- Nickname: Verdão
- Leagues: NBB
- Founded: 1914; 111 years ago (parent athletic club) 1923; 102 years ago (basketball club)
- Arena: Ginásio Palestra Itália
- Capacity: 1,500
- Location: São Paulo, SP, Brazil
- Team colors: White and Green
- President: Maurício Galiotte
- Championships: 1 Brazilian Championship
- Website: palmeiras.com.br
| Home | Away |

= SE Palmeiras (basketball) =

Brazilian basketball club

Sociedade Esportiva Palmeiras, abbreviated as S.E. Palmeiras, and also commonly known as Palmeiras Basquete, is a Brazilian men's professional basketball club that is based in São Paulo, Brazil. It is a part of the multi-sports club Sociedade Esportiva Palmeiras. The club competes in the top-tier level Brazilian League.

==History==
The basketball department of Sociedade Esportiva Palmeiras was founded in 1923 by pioneers Nicolino Spina and Estevam J. Stratta. Their vision and leadership were instrumental in the growth of the sport, both within the club and across Brazil, during the early 1920s.

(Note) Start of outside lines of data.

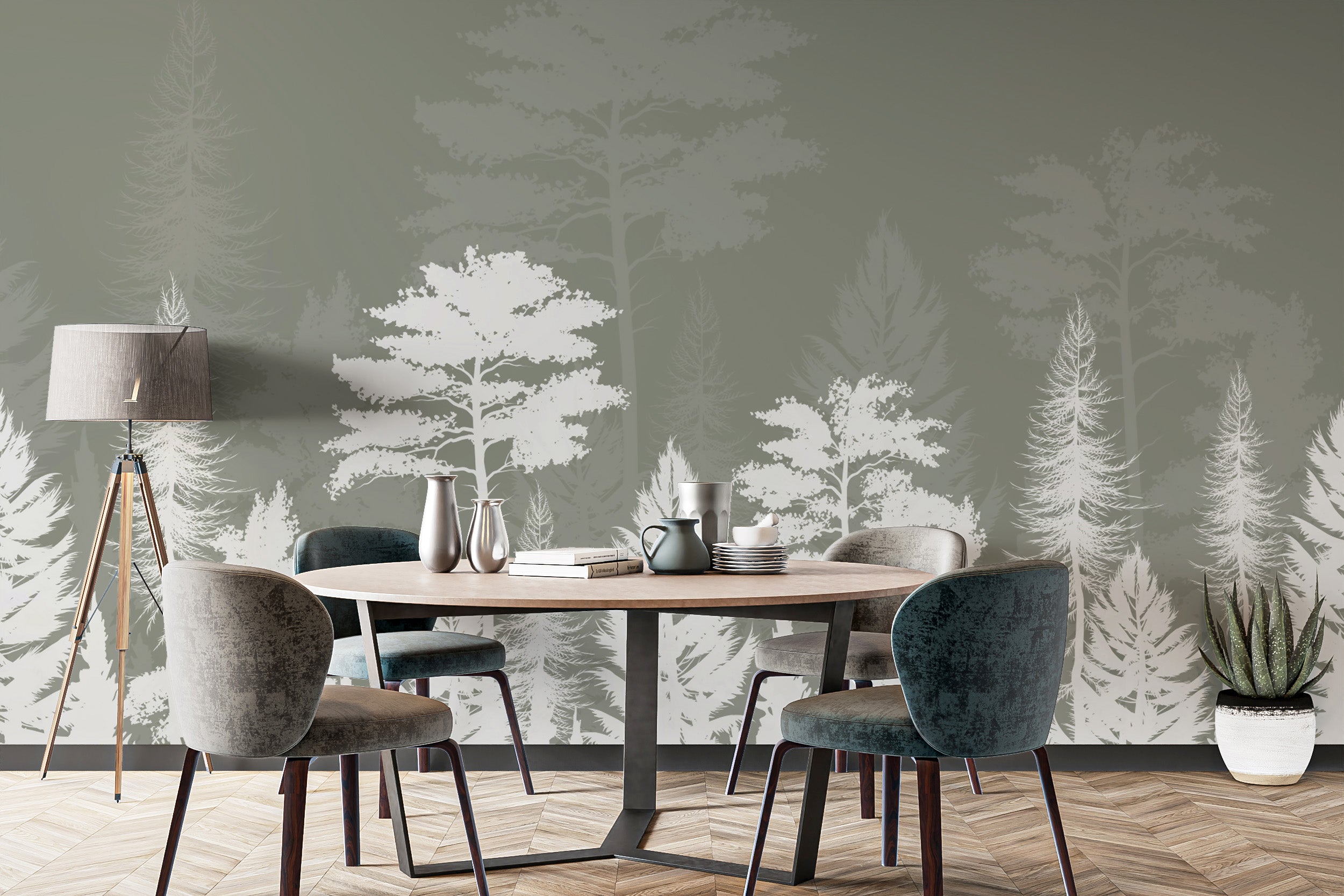 The mystic woods shadow play wall mural presents a serene dance of light and darkness, where the enchanting silhouettes of trees create a soothing haven. This mural is a masterpiece of design, ideal for those seeking a touch of nature's elegance in their home. The green wallpaper tones offer a subtle nod to the lushness of a jungle wallpaper while maintaining a minimalist charm that calms the mind and pleases the eye. Perfect for a study, bedroom, or living area, it invites a sense of quiet and contemplation. The intricate tree patterns stand tall, casting shadows that give depth and texture to your walls, fostering a space where imagination wanders, and peace prevails.
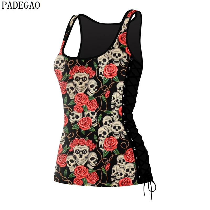 Padegao цветочный принт череп танки u воротник шнуровка панк-топы женщин Хэллоуин готика топы и тройники
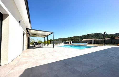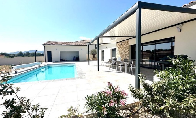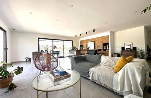 Tiled terrace 150m² with bioclimatic pergola, barbecue. Private swimming pool secured by alarm, flat bottom depth 1.40m, garden furniture, deckchairs. Pretty enclosed garden of 1300m² soon to be finished with trees and landscaping, pétanque court... Indoor parking, capacity for 4 or 5 vehicles. TV, Wifi available.

Basketball became the second team sport introduced at Palmeiras, following football, which was already well-established and highly regarded in the Brazilian sports scene.

On April 24, 1924, Palmeiras—then known as Palestra Itália—joined forces with CA Paulistano, Espéria, the Young Men's Christian Association (YMCA), and the São Paulo Athletic Association to form the São Paulo Basketball Federation, aiming to organize the first interclub competitions.

In November 1925, Oscar Paolillo and Estevam Stratta became the first Palestra Itália athletes to represent the São Paulo Basketball Team in a friendly match.

In its early years, Palmeiras established itself as the dominant force in São Paulo basketball, securing seven state titles in just eight years of competition. This success played a key role in the growth and development of the sport during the 1920s and 1930s.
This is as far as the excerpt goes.